Sylvester Veitch

Personal information
- Born: February 24, 1910 United States
- Died: February 14, 1996 (aged 85)
- Resting place: Greenridge Cemetery, Saratoga Springs, New York
- Occupation: Trainer

Horse racing career
- Sport: Horse racing
- Career wins: Not found

Major racing wins
- Wilson Stakes (1941) Fashion Stakes (1946) Empire City Handicap (1947) Jockey Club Gold Cup (1947, 1951) Monmouth Oaks (1947) Wood Memorial Stakes (1947, 1956) Daingerfield Handicap (1948) Blue Grass Stakes (1951) Empire City Gold Cup (1951) Metropolitan Handicap (1952) Whitney Handicap (1952) Great American Stakes (1953) Juvenile Stakes (1953) American Legion Handicap (1954) Saratoga Handicap (1954) Travers Stakes (1954) Washington, D.C. International Stakes (1954) National Stallion Stakes (filly division) (1956) Kentucky Oaks (1958) Beldame Stakes (1965) Black Helen Handicap (1966) Amory L. Haskell Handicap (1968)American Classic Race wins: Belmont Stakes (1947, 1951)

Honors
- National Museum of Racing and Hall of Fame (1977)

Significant horses
- First Flight, Phalanx, Counterpoint, Fisherman, Mameluke, Career Boy, Vulcan's Forge, What a Treat

= Sylvester Veitch =

American horse trainer (1910–1996)

Sylvester E. "Syl" Veitch (February 24, 1910 - February 14, 1996) was a Hall of Fame thoroughbred horse trainer.

He was the son of Silas Veitch, a jockey and trainer who began his career as an exercise boy with the powerful Joseph E. Seagram stable in his native Canada and who would become a successful steeplechase trainer in the United States.
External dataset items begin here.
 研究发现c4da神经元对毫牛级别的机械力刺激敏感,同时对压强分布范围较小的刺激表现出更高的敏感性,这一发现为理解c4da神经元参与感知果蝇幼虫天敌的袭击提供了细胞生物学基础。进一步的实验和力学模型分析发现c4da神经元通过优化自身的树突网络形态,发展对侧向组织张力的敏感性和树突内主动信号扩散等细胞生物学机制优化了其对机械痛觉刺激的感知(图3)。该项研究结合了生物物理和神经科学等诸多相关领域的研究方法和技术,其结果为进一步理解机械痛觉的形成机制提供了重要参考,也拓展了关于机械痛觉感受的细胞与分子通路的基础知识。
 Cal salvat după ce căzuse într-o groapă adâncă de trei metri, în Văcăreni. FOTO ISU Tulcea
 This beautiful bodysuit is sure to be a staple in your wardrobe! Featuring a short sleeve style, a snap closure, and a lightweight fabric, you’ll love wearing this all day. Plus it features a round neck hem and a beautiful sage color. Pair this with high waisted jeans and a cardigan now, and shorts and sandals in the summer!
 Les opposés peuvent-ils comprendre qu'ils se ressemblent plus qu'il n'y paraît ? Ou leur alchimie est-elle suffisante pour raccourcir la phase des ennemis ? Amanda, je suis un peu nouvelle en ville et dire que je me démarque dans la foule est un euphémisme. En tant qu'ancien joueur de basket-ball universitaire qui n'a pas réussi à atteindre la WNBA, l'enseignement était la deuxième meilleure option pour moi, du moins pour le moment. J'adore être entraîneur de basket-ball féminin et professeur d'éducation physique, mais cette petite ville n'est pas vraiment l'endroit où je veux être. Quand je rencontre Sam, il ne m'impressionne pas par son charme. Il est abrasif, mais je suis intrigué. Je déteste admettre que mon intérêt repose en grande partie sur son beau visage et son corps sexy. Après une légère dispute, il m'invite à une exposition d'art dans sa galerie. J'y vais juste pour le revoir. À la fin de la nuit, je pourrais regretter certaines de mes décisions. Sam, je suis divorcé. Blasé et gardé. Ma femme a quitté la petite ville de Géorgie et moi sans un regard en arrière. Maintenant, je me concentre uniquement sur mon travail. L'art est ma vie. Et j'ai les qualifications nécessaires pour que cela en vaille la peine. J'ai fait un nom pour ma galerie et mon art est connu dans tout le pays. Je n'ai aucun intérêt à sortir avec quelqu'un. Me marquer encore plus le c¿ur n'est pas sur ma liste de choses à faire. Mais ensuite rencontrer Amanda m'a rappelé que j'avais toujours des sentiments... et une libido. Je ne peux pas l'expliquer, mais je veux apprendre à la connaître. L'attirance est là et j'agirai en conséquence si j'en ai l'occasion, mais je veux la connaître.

Sylvester Veitch followed in his father's footsteps and also began his career in racing as a jockey and trainer in steeplechase racing. In 1939 he moved to flat racing when he was employed as a trainer with Cornelius Vanderbilt Whitney in Kentucky. He won two Belmont Stakes while in Whitney's employment, one in 1947 with Phalanx and the second in 1951 with Counterpoint.

In 1958 he left his position with C. V. Whitney and began employment with George D. Widener Jr. where he trained What a Treat, and many other notable horses. In 1971, after Widener's death, Sylvester Veitch opened his own public stable. He was inducted into the National Museum of Racing and Hall of Fame in 1977.

Among his accomplishments, Sylvester Veitch held the single-season mark of 24 wins in 24 days set in 1954 at Saratoga Race Course, a record that held until 2003. In the course of his career he had forty-four stakes winners. He trained 5 champions in all: First Flight in 1946, Phalanx in 1947, Counterpoint in 1951, Career Boy in 1956, and What a Treat in 1965.

Sylvester Veitch died at the age of 85 at the Winthrop Hospital in Mineola, Long Island, New York in February 1996 after a brief illness. His son, John M. Veitch, was also a successful trainer.